Let f1(“1 MAIN STREET”)=code 1 (e.g., 1A2B3C4D5E6F7G8H9I)
 Now, if another character is injected into the string “1 MAIN STREET”, the resultant encrypted string should be very different from the string produced otherwise because f1 is non-linear. Thus, f1(“1% MAIN STREET”)=code2 (e.g., X9Y8W7R6U5D4H3). Here the character “%” is injected into the string in the second character position. Notice that code1 is very different from code2.
 For decryption purposes, a deccryption function, f2, applies a mathematical function inverting the encryption function f1, and deletes any characters that were injected by the encryption function f1. Thus, f2(code1)=f2(code2)=“1 MAIN STREET”. Thus, the “%” character which was injected to create code2 is deleted by f2 to produce the true address, “1 MAIN STREET”.
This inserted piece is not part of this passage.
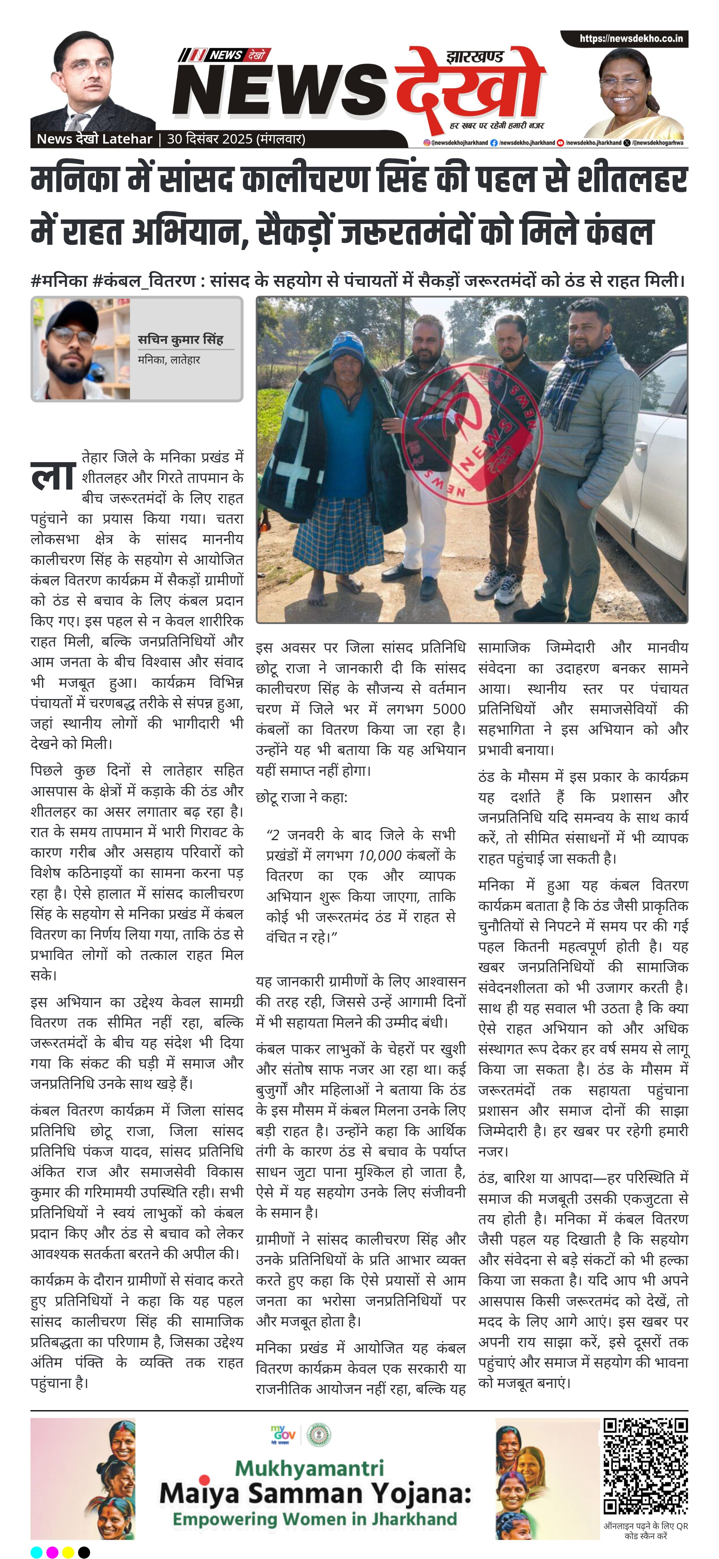 लातेहार जिले के मनिका प्रखंड में शीतलहर और गिरते तापमान के बीच जरूरतमंदों के लिए राहत पहुंचाने का प्रयास किया गया। चतरा लोकसभा क्षेत्र के सांसद माननीय कालीचरण सिंह के सहयोग से आयोजित कंबल वितरण कार्यक्रम में सैकड़ों ग्रामीणों को ठंड से बचाव के लिए कंबल प्रदान किए गए। इस पहल से न केवल शारीरिक राहत मिली, बल्कि जनप्रतिनिधियों और आम जनता के बीच विश्वास और संवाद भी मजबूत हुआ। कार्यक्रम विभिन्न पंचायतों में चरणबद्ध तरीके से संपन्न हुआ, जहां स्थानीय लोगों की भागीदारी भी देखने को मिली।

 The “%” character was chosen in this example because it is a predefined printable character that does not typically appear in an address field. This, and other similar characters, e.g., “.!@♯#$%Λ&*( )_+,” are injected in a controlled fashion into the client's real address field. These atypical characters would therefore look like “random” errors in an address field, but cause “1 MAIN STREET” to be encrypted with a widely varying set of encryption strings.
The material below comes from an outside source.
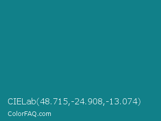 CIELab 48.715,-24.908,-13.074 Color is a dark cyan color and the nearest color is Metallic Seaweed #0a7e8c. Hex code #118089 and RGB value is rgb(17,128,137). In RGB color space, this color is composed of 7% red, 50% green, 54% blue, In CMYK color space, this color is composed of 88% cyan, 7% magenta, 0% yellow , 46% black , In HSL color space, this color has a hue angle of 185° , 78% saturation and 30% lightness.

 When an encrypted address is input into the decryption function by the printer software, the atypical characters are deleted from the string to produce the correct real address. Injecting “random errors” in a controlled fashion as described above will generate a finite number of encryptions per real address, but each will be widely variable, and hard to decrypt into the real address. Advantageously, the wide variety of encrypted strings produced for a single real address will prevent time correlation of user's behavior using a single string that otherwise would be provided for his real address.
 There are several advantages to the present invention:
 1. The integration task with the banks is greatly simplified. The integration entails little more than storing bank-generated proxy identities and new card accounts in a database accessible for authentication purposes. This data base application only needs updates from the bank when identities come and go.
 2. Integration with current credit card transaction systems is trivial. What is submitted to the web form and the credit card acquirer is exactly what the card issuer/acquirer expects to see, the private identity and card number they have issued to a customer. The banks do not need to build any special integration or matching software to link multiple accounts.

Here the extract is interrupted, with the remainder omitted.